WHAT YOU NEED TO DO:
Look below for the line with "TULTITLÁN, Méx.- Agentes" and the line with "A-Junioren: Sieger Vincent"; repeat exactly those two lines and all lines between them, but no pictures.

THE DATA:

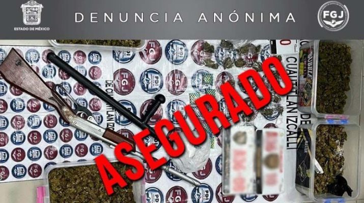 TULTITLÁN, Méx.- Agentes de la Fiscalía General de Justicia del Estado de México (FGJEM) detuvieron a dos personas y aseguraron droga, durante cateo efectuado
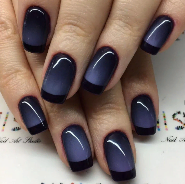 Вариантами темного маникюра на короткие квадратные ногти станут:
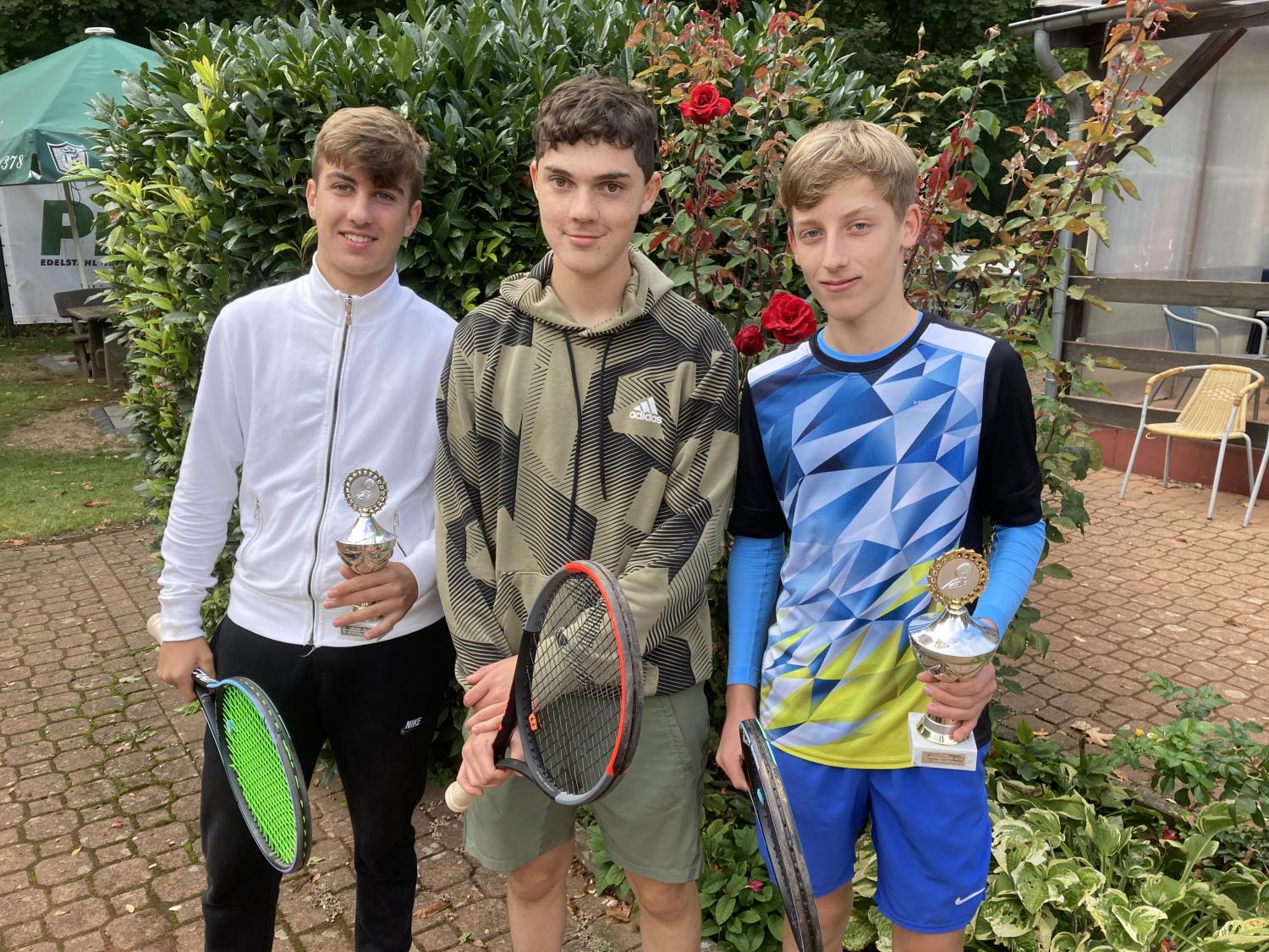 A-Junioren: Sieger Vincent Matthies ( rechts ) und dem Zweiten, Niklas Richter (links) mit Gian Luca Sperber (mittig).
--
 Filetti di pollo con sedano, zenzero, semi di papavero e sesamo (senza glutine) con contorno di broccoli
---
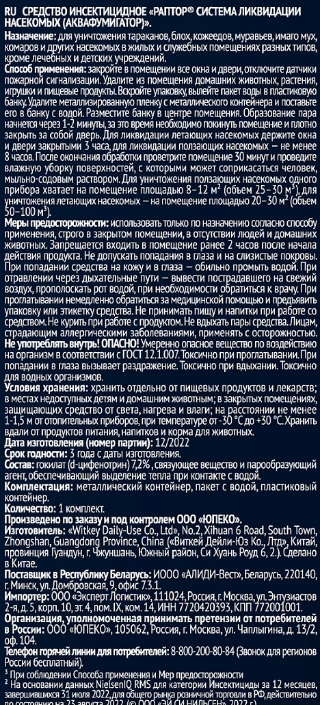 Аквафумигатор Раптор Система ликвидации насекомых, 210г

EXERCISE RESPONSE:
 TULTITLÁN, Méx.- Agentes de la Fiscalía General de Justicia del Estado de México (FGJEM) detuvieron a dos personas y aseguraron droga, durante cateo efectuado
 Вариантами темного маникюра на короткие квадратные ногти станут:
 A-Junioren: Sieger Vincent Matthies ( rechts ) und dem Zweiten, Niklas Richter (links) mit Gian Luca Sperber (mittig).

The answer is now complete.